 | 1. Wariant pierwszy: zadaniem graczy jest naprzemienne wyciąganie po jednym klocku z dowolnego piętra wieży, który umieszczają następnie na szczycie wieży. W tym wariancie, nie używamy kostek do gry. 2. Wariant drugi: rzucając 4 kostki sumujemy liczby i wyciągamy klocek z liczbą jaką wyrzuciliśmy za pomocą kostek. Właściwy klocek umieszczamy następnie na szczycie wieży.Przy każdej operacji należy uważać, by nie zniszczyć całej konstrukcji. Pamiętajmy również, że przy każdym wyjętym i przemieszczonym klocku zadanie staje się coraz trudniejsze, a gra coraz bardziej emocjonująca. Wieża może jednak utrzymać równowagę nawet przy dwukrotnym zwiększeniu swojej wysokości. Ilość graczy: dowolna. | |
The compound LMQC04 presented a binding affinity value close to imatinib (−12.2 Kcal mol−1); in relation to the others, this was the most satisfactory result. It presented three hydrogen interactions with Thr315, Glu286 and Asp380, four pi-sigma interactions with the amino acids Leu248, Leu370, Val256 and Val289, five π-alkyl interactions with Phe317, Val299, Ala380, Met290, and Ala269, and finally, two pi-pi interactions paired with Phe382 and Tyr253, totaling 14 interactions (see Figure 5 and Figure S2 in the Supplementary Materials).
...
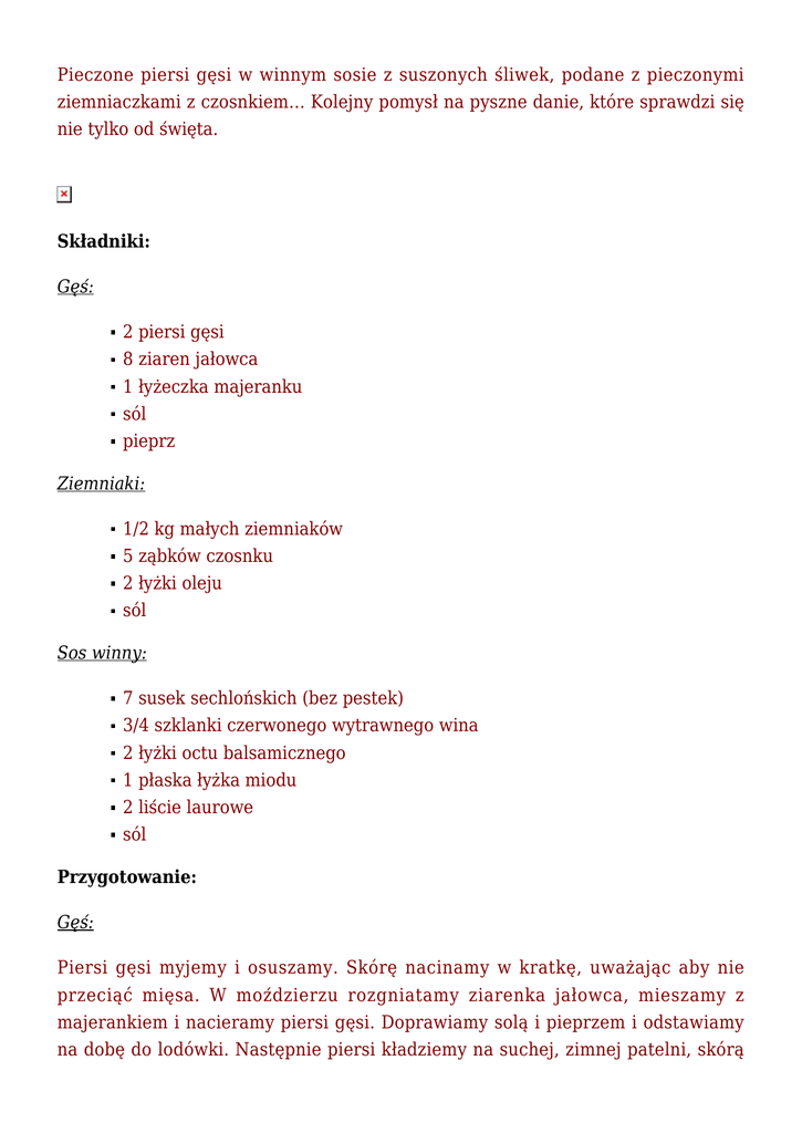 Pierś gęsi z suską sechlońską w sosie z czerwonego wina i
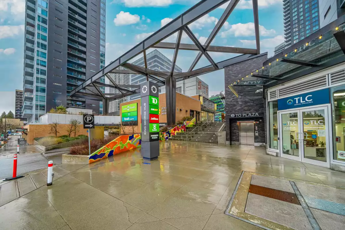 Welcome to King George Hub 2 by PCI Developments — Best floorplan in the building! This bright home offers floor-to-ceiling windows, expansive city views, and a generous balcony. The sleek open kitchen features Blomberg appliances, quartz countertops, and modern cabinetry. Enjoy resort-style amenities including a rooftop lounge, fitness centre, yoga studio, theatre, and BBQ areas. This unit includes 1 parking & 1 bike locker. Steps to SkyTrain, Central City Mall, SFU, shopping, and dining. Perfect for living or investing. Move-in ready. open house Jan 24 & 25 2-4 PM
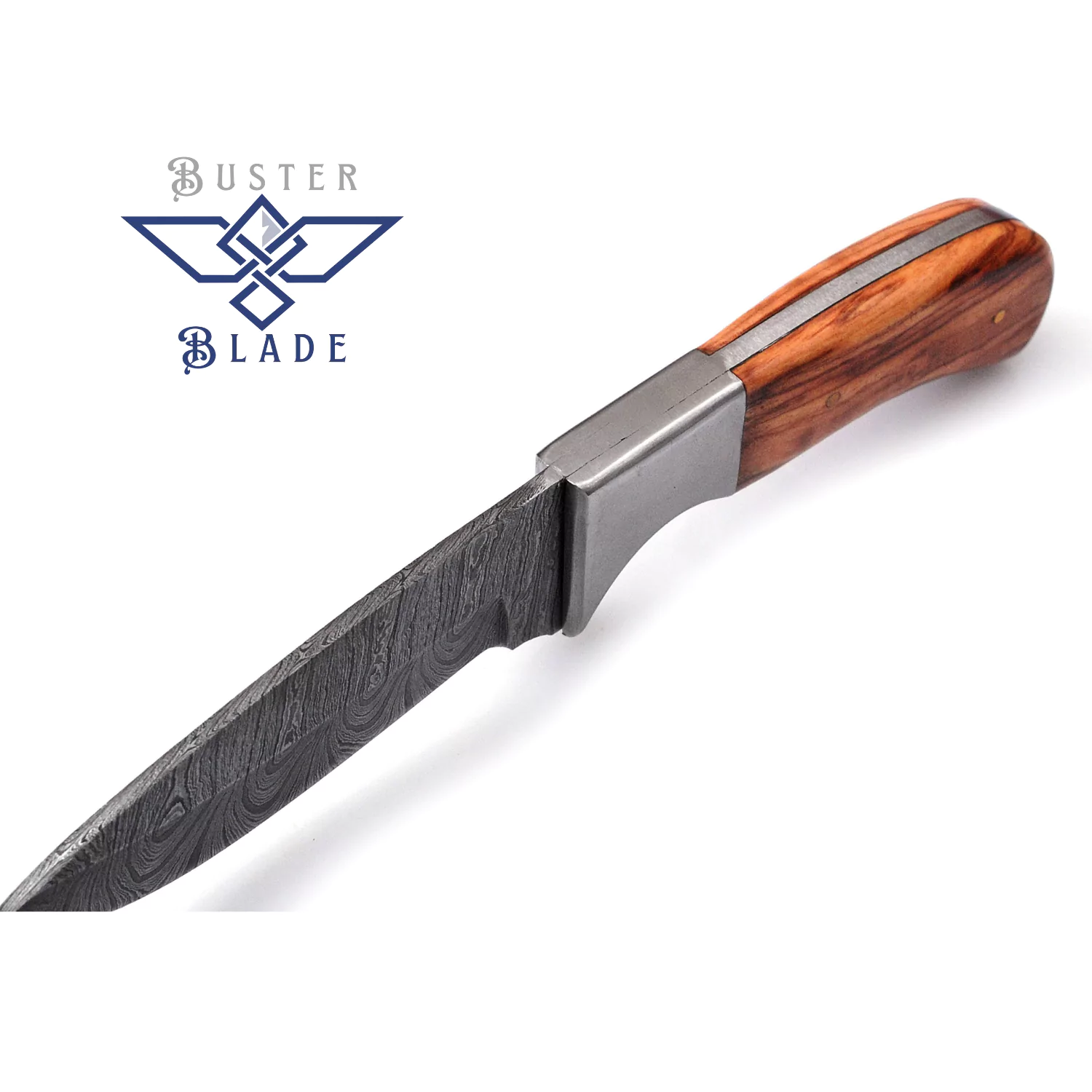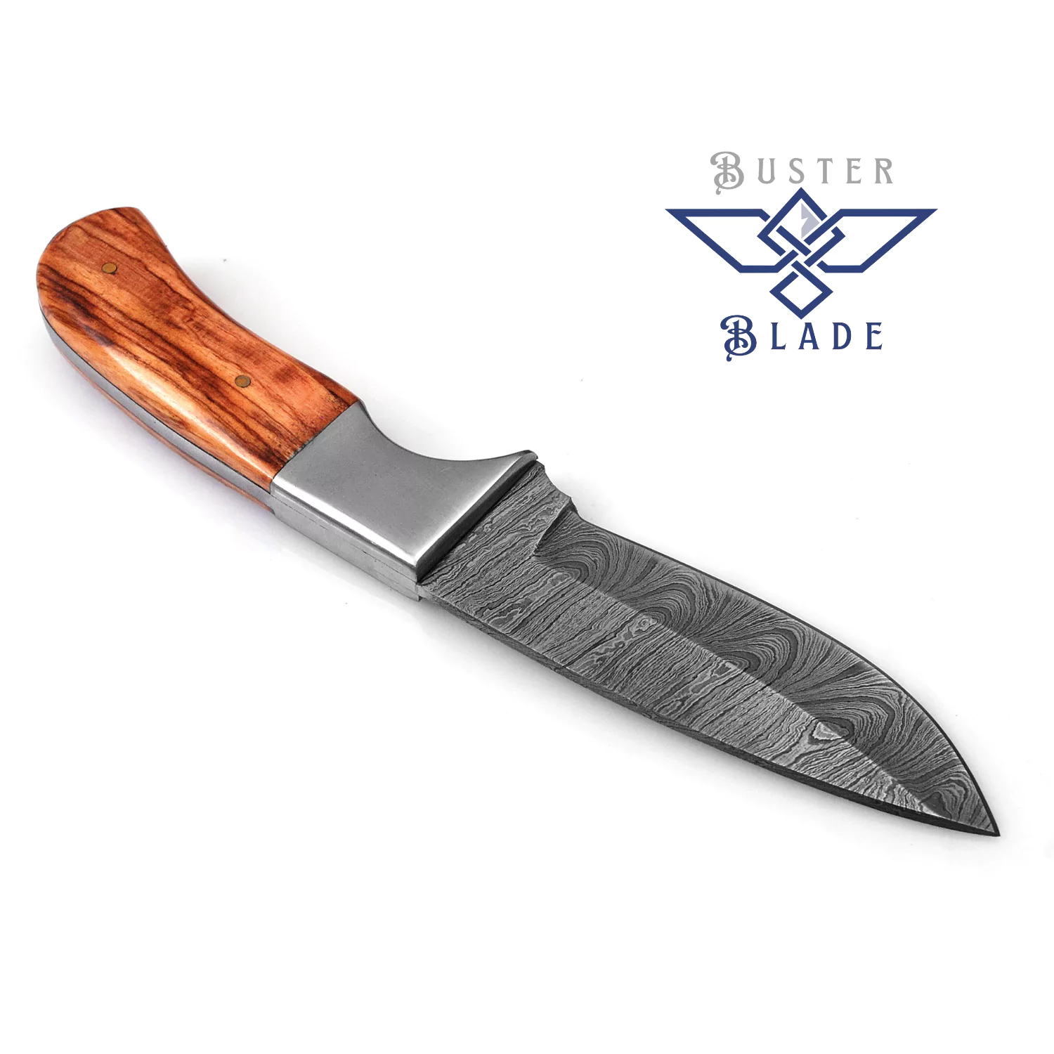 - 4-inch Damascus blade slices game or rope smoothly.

* [About this task] Only the lines of the listing above from the one with "Pierś gęsi z" through the one with "- 4-inch Damascus" should be output, exactly, with both ends kept and pictures left out.

* [Result]
 Pierś gęsi z suską sechlońską w sosie z czerwonego wina i
 Welcome to King George Hub 2 by PCI Developments — Best floorplan in the building! This bright home offers floor-to-ceiling windows, expansive city views, and a generous balcony. The sleek open kitchen features Blomberg appliances, quartz countertops, and modern cabinetry. Enjoy resort-style amenities including a rooftop lounge, fitness centre, yoga studio, theatre, and BBQ areas. This unit includes 1 parking & 1 bike locker. Steps to SkyTrain, Central City Mall, SFU, shopping, and dining. Perfect for living or investing. Move-in ready. open house Jan 24 & 25 2-4 PM
 - 4-inch Damascus blade slices game or rope smoothly.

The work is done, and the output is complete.